This is what I would call a “classic” Star Wars scroller. In this case, following the theme and nature of the demo, it’s making a jibe at Censor Design who, just 6 months or so prior to this, had release “The Star Wars Demo” and managed to do so without incorporating a Star Wars Scroller – much to the chagrin of many (not that it mattered – their demo still took home the coveted 1st place at X2018).


History of Star Wars Scrollers

It’s worth looking back at the various different Star Wars scrollers that have been created before.

Argon Gew Up by Argon (1989)

Possibly the first such scroller (thanks to Bjorn Odendahl for pointing out that I’d omitted it in an earlier version of this blog).
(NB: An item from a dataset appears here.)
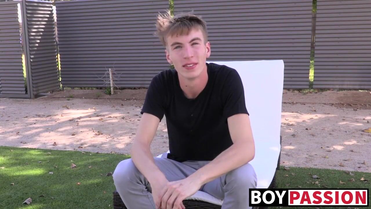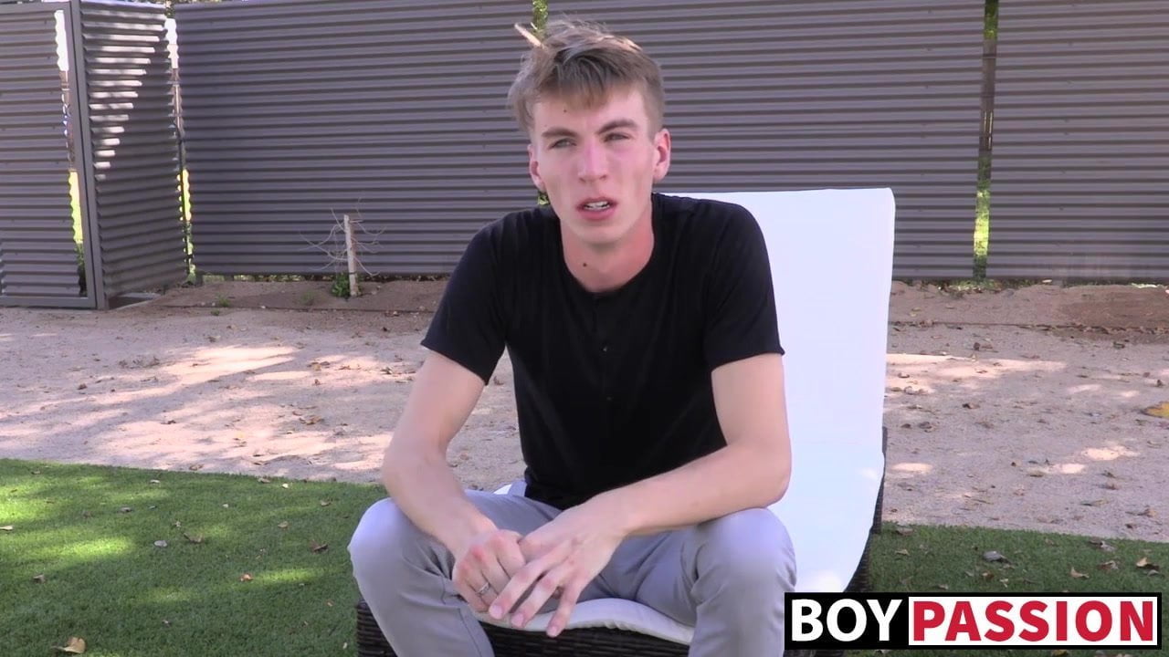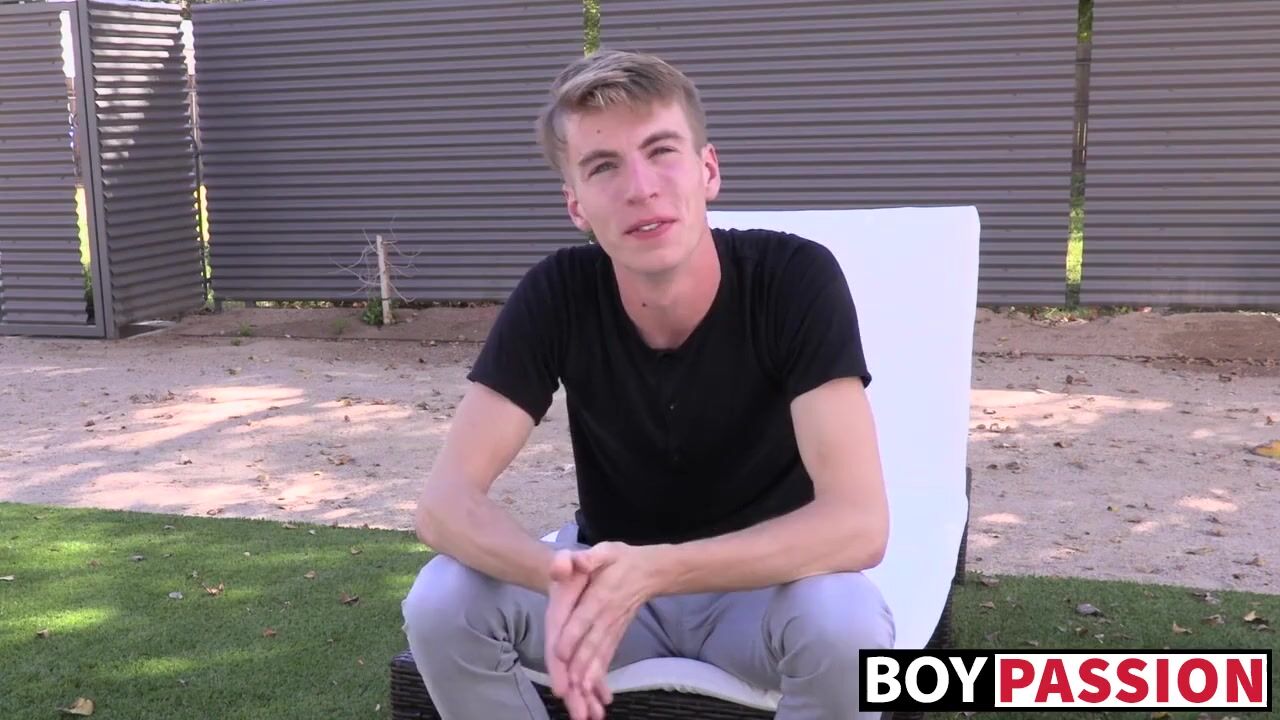 Handsome twink enjoys giving a relaxing interview before taking a shower and pleasing his big penis.

Really nice ROL/ROR-based scroller. No Y-packing, unfortunately, so it does look a little bit strange along with the coolness 😉 :-

Bring Me Edelgas by Masters’ Design Group (1989)

Not quite a Star Wars scroller – but very similar. A very different technique used here, too, with expanded sprites, in a kind of “who needs smooth timing?” x-position tech-tech and scaling using precalculated sprites of various sizes. I really like it, actually, definitely very very nice for 1989.

Eldorado by Origo Dreamline (1990)

Another ROR/ROL scroller, with perspective. Looks a little bit messy and hard to read the further back the text goes, especially with the text so tightly packed in Y, but still very impressive for it’s time.

Trick and Treat by Fairlight, Offence and Prosonix (2012)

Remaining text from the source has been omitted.